DRAWING BEYOND THE LINES Two comics artists follow different paths for personal storytelling and the freedom to create without compromise, Bai Shuhao reports. 2026-06-05    Bai Shuhao

Little Red Fox and White Fox, the central characters of Yang Zhi's The Fox's Transformation Chronicle.

Cy leads a workshop at the festival, introducing participants to the fundamentals of composition and visual storytelling.

Yang Zhi creates a live illustration at the 10th French Comics and Graphic Novels Festival.

Female workers in Cy's Radium Girls, whose health is damaged by prolonged exposure to radium while working at a watch factory.

At the 10th French Comics and Graphic Novels Festival in Beijing this May, two young women wearing glasses sat side by side, though they appeared to come from entirely different worlds.

One was Yang Zhi, a Chinese cartoonist with shoulder-length black hair and a quiet, studious air. The other was French comics artist Cy (Cyrielle Evrard), whose cropped hair and understated style carried the effortless cool of a heroine from a late-night French film.

Yang draws on a digital tablet. Cy prefers colored pencils. One tells stories rooted in Chinese fox-spirit folklore; the other resurrects forgotten industrial tragedies from American history.

Their artistic styles couldn't be more different, yet their careers have followed remarkably similar paths.

At nearly the same age, both women left stable jobs to pursue comics independently. Both built audiences online through social media and both eventually arrived at the same conclusion: they no longer wanted other people deciding what they were allowed to create.

Socializing a fox

"When I dropped everything else and focused entirely on comics, that was when I felt happiest," Yang says.

Two years ago, she began publishing an online comic titled The Fox's Transformation Chronicle. The story follows a young fox surviving alone in the wilderness before being rescued by an older white fox who teaches her the art of shape-shifting. By observing human desires, the fox learns to transform into the "ideal version" of whatever others expect — a process of cultivation on the path toward becoming a nine-tailed fox.

Told through the eyes of a mythical creature, the work explores gender, shifting power structures and social norms. It quickly attracted a loyal online following and was published in print in 2025.

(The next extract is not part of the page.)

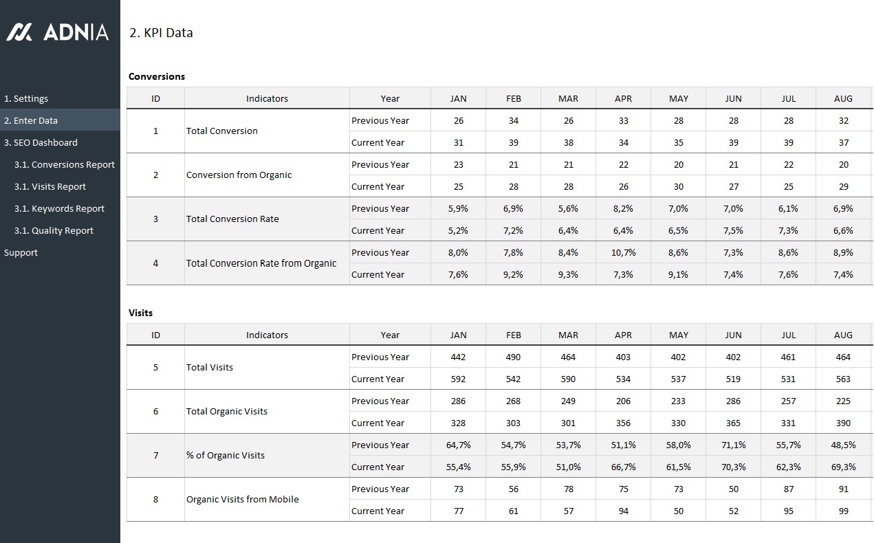 - Spreadsheets ready for printing without Adnia logo

Before that success, Yang worked as a storyboard artist for film and television productions, translating scripts into visual sequences. She entered the animation industry during a boom period for Chinese cinema and contributed to several major projects. Yet, after four years, she felt increasingly disconnected from her work.

"I draw every day, but not the things I actually want to draw."

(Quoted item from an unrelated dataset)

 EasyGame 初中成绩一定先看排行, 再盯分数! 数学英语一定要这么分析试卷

That feeling became especially clear in projects involving fox spirits from Chinese folklore.

"We tend to imagine fox spirits as seductive, dangerous figures," she says. "Then, over time, they become harmless little creatures, or girls who need to be saved. But why is it that when a fox turns into a human, a female fox always becomes a woman and a male fox always becomes a man?"

The question lingered. Thinking about a cat she once observed — an animal unlikely to perceive beauty as humans do — she began wondering whether fictional foxes were simply being forced into the human's expectations of appearance and desire.

To tell a different story, she left her storyboard work behind and spent eight months creating The Fox's Transformation Chronicle. She never expected it to become popular.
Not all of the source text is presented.